Required action:
Report each line of the data that includes the word "from".

Given records:
****
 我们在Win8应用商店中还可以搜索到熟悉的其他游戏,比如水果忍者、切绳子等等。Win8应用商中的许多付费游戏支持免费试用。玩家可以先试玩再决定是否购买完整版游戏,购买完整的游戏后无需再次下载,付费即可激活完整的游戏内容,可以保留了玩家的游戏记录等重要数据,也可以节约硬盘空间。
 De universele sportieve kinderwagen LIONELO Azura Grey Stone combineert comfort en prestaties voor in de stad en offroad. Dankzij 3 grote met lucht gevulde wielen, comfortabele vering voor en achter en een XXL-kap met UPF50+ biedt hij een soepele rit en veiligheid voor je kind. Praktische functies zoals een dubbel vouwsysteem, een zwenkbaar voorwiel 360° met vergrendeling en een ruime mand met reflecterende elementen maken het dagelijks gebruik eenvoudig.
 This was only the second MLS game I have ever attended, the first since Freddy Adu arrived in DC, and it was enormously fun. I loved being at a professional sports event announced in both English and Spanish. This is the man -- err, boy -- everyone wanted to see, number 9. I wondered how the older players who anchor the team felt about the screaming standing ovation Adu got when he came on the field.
****
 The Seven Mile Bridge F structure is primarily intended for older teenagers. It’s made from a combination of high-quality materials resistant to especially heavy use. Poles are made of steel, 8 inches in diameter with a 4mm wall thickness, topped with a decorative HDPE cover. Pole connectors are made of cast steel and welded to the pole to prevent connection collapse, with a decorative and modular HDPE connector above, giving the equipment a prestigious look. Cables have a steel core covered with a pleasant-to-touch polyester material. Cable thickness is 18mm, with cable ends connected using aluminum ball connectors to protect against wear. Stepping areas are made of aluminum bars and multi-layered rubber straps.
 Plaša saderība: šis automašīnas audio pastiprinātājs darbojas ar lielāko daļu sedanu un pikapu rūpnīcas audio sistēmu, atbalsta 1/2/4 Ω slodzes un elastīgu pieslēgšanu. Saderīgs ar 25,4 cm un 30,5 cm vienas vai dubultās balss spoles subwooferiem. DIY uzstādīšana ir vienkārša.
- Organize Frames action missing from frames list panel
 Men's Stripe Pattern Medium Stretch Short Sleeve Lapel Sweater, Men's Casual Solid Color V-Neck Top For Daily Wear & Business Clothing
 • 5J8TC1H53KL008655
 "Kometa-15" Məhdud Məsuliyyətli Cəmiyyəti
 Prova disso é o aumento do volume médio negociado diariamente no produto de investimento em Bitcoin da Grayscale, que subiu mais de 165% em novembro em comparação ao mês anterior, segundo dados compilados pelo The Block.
****
Answer for the task:
 The Seven Mile Bridge F structure is primarily intended for older teenagers. It’s made from a combination of high-quality materials resistant to especially heavy use. Poles are made of steel, 8 inches in diameter with a 4mm wall thickness, topped with a decorative HDPE cover. Pole connectors are made of cast steel and welded to the pole to prevent connection collapse, with a decorative and modular HDPE connector above, giving the equipment a prestigious look. Cables have a steel core covered with a pleasant-to-touch polyester material. Cable thickness is 18mm, with cable ends connected using aluminum ball connectors to protect against wear. Stepping areas are made of aluminum bars and multi-layered rubber straps.
- Organize Frames action missing from frames list panel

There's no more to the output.